I have argued that I expect that the more terrorist trials we hold in this country the better we will get at it. If the GWOT is to be refocused as an international police action we are going to have to do a better job of investigating. Posner opines that the FISA Court is really too narrowly focused on SIGINT to be broadly effective. I agree.
It is also becoming clearer to me that between what we have at Gitmo, old treaties, the Hamdan decision, it's a patchwork. I think there is a strong case for a new type of circuit court with new powers of investigation to handle the kinds of cases we are likely to encounter with Jihadists and non-state actors going forward. I think those who have, even under the influence of BDS, suggested that there is too much Executive power arrogated by GWBush are backing into the truth. I say that the Congress clearly isn't doing a decent enough job, and that anybody with gripes about Gitmo should be behind a new sort of judiciary power.

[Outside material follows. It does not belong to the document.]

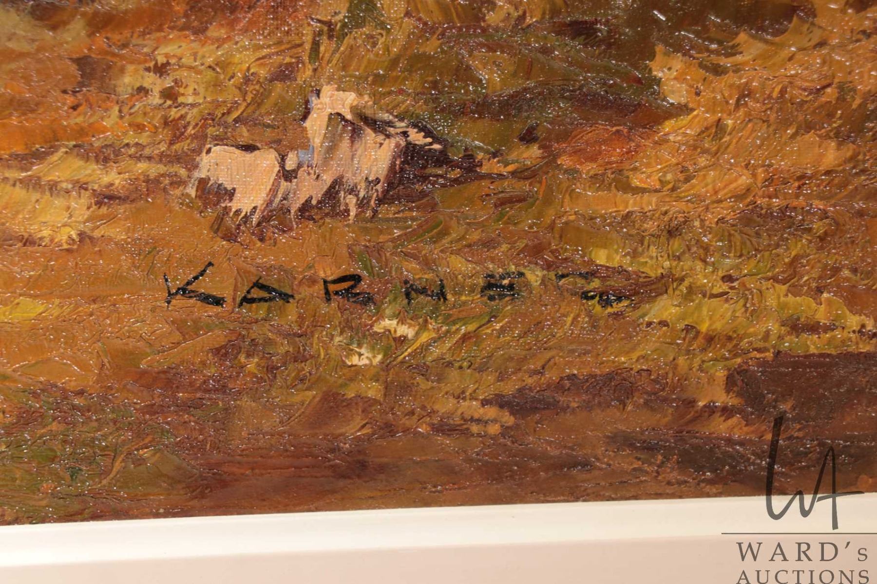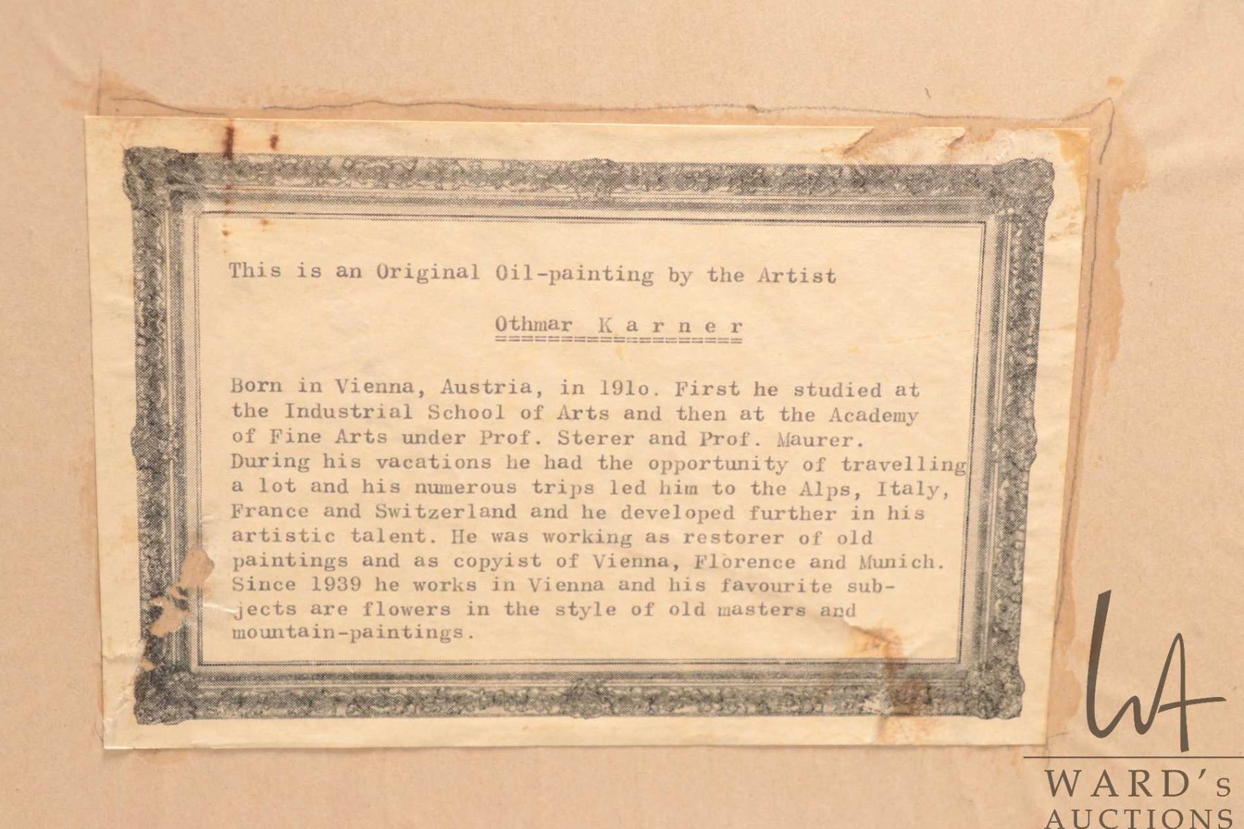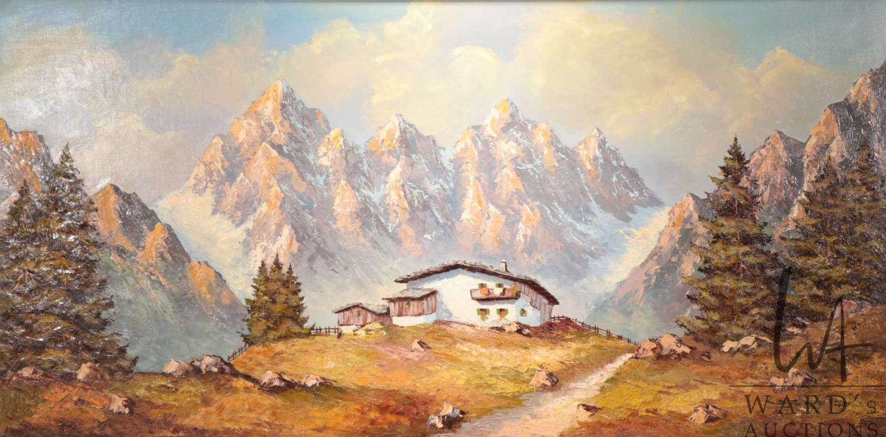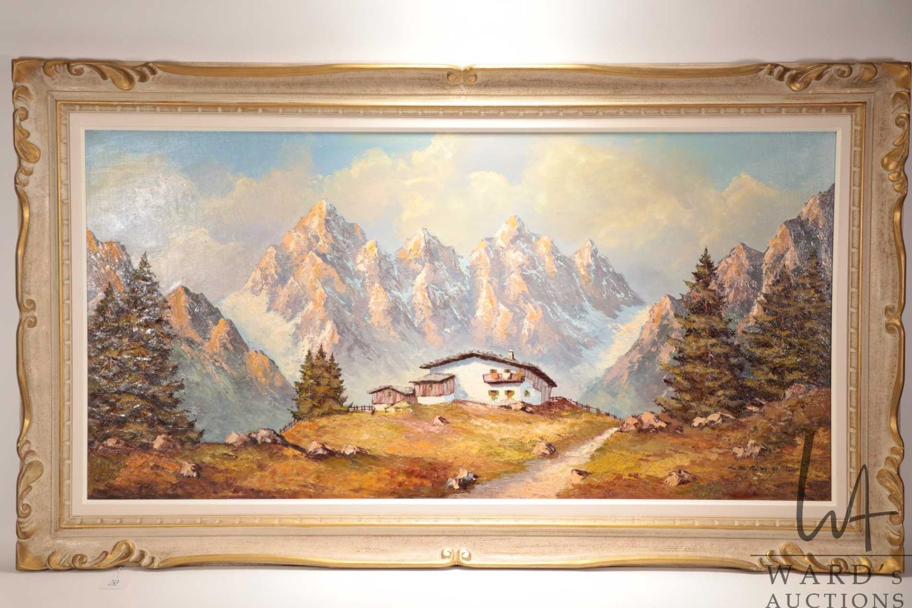 Lot 573 Othmar Karner, framed original oil on board painting of a swiss chalet in the alps 23-1/2" x 47-1/2"

Everything is not war. War powers are not properly defined by precedent. GWB's lattitude given the mistakes of Iraq have wasted life and resources. Posner is onto something.
So what kind of confidence can we have that a special court will focus on terror suspects and not be especially corrosive of civil liberty? Is Posner someone we could trust in this regard? If not, then who? Are having new powers assigned to the judiciary a road to hell? Is the French model worthy of emulation? Or will we just shoot Osama in the head and be done with it - ie a take no prisoners attitude towards Jihadism.
I am particularly fond of Bush's phrasing of bringing the enemy to justice. The same old justice won't do.